Достоевский еще в 1877 году писал об «Анне Карениной», что это произведение, с которым «ничто подобное из европейских литератур в настоящую эпоху не может сравниться», что это «такое слово, которого именно не слыхать в Европе и которое, однако, столь необходимо ей», ибо «было ли у них, во всех их литературах, за все последние годы, и далеко раньше того, произведение, которое могло бы стать рядом?».

Но все это относится и к «Преступлению и наказанию» — произведению, которое, кстати, во многих отношениях близко созданной несколько позже «Анне Карениной», где также в центре стоит вопрос о «переступании» сложившихся норм жизни. Это совпадение проблематики в двух великих произведениях вполне закономерно, ибо ведь и целый мир готовился «переступить» в новое состояние, в XX век.

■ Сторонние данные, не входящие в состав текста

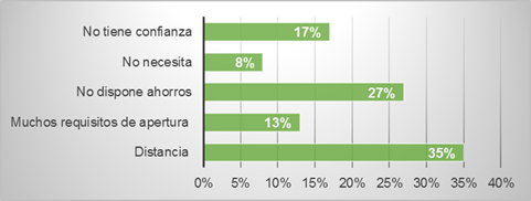 Como uno de los factores más importantes para que las personas no utilicen servicios financieros, es la distancia entre sus domicilios y la institución financiera con un 35%, seguido con un 27% que no dispone de ahorros. El 17% de los encuestados dice no necesitar servicios financieros, el 13% menciona que los requisitos de manejo de las cuentas como el principal obstáculo para no utilizar servicios financieros y el 8% mencionó la desconfianza en las instituciones financieras.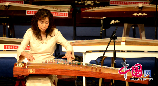古筝大师王昌元在颁奖晚会现场演奏古筝名曲《高山流水》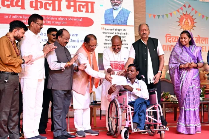 रायपुर । राजधानी में आयोजित दिव्य कला मेले में मुख्य अतिथि केन्द्रीय सामाजिक न्याय एवं आधिकारिता मंत्री श्री डॉ. वीरेन्द्र कुमार, मुख्यमंत्री श्री विष्णु देव साय ने भारत सरकार की संस्था एलिम्को द्रारा दिव्य कला मेले में दिव्यांगजन को प्रोत्साहित करने के लिए टोकन के रूप में सहायक उपकरण वितरित किए गए।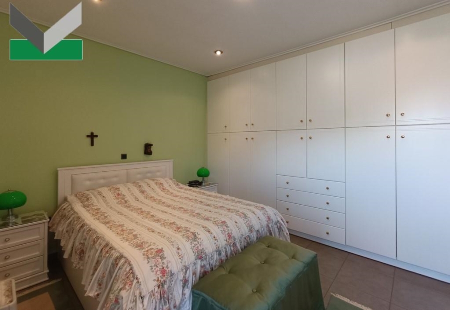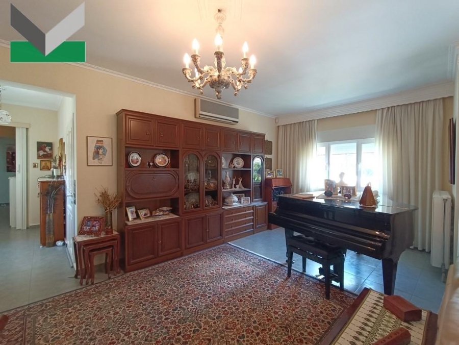 1ος ΟΡΟΦΟΣ (153 τμ.): Διαμέρισμα με ενιαίο καθιστικό, τζάκι ενεργειακό-ηλεκτρικό, χώρο τραπεζαρίας και ανοικτή κουζίνα με εντοιχισμένες ηλεκτρικές συσκευές (κουζίνα, φούρνος, ψυγείο, πλυντήριο πιάτων). Διάδρομος προς υ/δ master με μπαλκόνι, και μπάνιο με μπανιέρα. Επιπροσθέτως, 2 υ/δ με μπαλκόνι. Δεύτερο μπάνιο με μπανιέρα. WC επισκεπτών. Δάπεδα πλακάκια. Η σκάλα του κτιρίου οδηγεί στο ημιυπόγειο.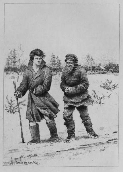 “Why don’t you speak? You can’t stay here through the winter. We must make for a living place. Here, take my stick, lean on it, if you are weak. Tramp along!”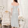 Robe de mariée asymétrique à épaules dénudées, ourlet volanté et paillettes en maille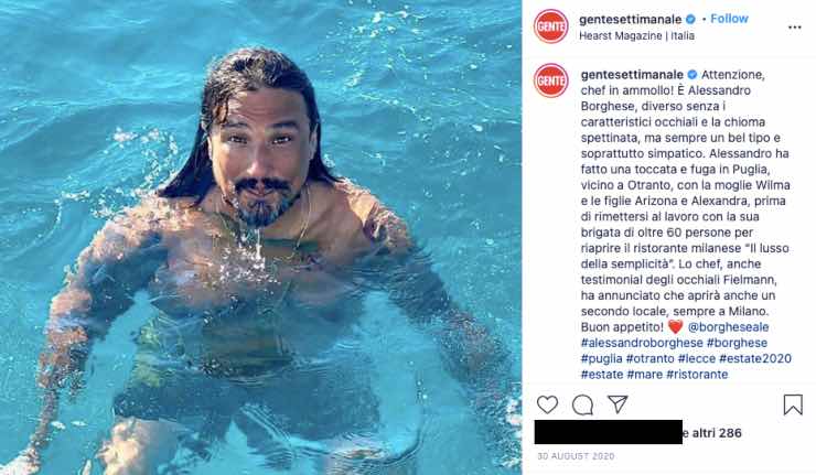 O ancora basti pensare a quanto riportato sui social dal settimanale Gente in merito ad uno scatto con i capelli bagnati. Postando una foto di quest’ultimo, tempo fa scriveva, tra le altre cose: “Attenzione, chef in ammollo! È Alessandro Borghese, diverso senza i caratteristici occhiali e la chioma spettinata, ma sempre un bel tipo e soprattutto simpatico.”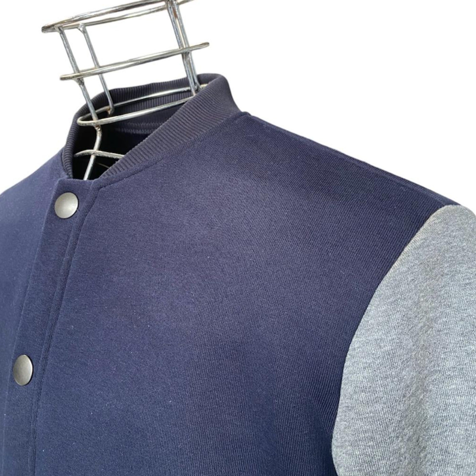 ALESSANDRINI GIUBBOTTO felpato modello College. Presenta maniche in grigio mentre il resto è in blu. Con un design senza colletto e chiusura con bottoni a clip, puoi indossarlo con un jeans e un paio di sneakers per un look sportivo e di tendenza.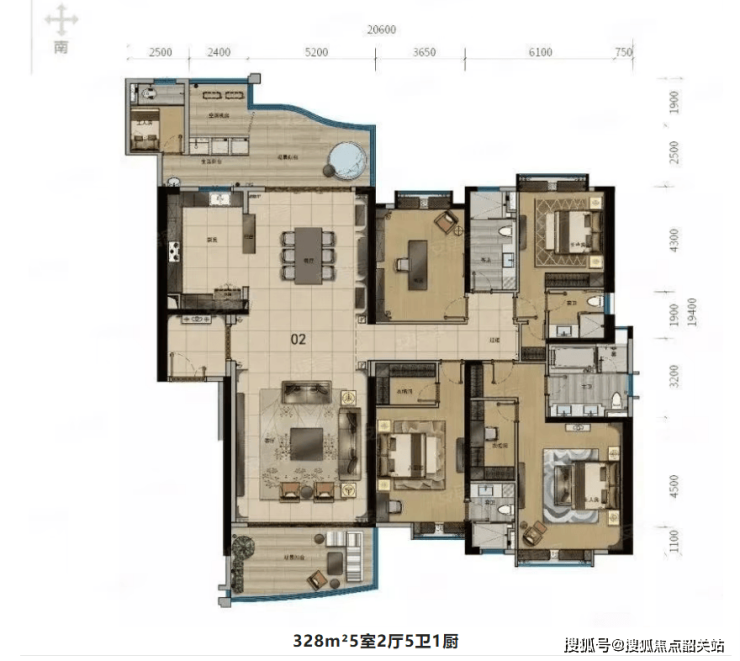 328㎡ 5 室 2 厅 5 卫 1 厨:约 4 米层高,约 6.7 米超大开间连接餐客厅与观景阳台,南北对流、全屋通透,穿堂风贯穿,居住舒适度拉满;五房设计,主卧套房带独立衣帽间、卫浴,次卧空间开阔,兼顾家庭居住与私密需求,得房率高,空间利用率极强。

Изображая те повседневные «истории», которые неприметно совершаются в темных углах и закоулках реального Петербурга и с реальными «титулярными советниками», Достоевский открывал в этих историях «шекспировский» размах и глубину, грандиозный, всечеловеческий смысл, сущностные противоречия бытия.

Достоевский называл Гоголя «демоном», который «из пропавшей у чиновника шинели сделал нам ужаснейшую трагедию». Изображения Гоголя, по его словам, «почти давят ум глубочайшими непосильными вопросами, вызывают в русском уме самые беспокойные мысли, с которыми, чувствуется это, справиться можно далеко не сейчас, мало того, еще справишься ли когда-нибудь?»

Но это, в сущности, точнейшая характеристика творчества самого Достоевского: приникнув к самой текущей жизни, к «случаям», подобным истории о пропавшей у чиновника шинели, гений художника поставил «глубочайшие вопросы», о которых прежняя литература и не подозревала.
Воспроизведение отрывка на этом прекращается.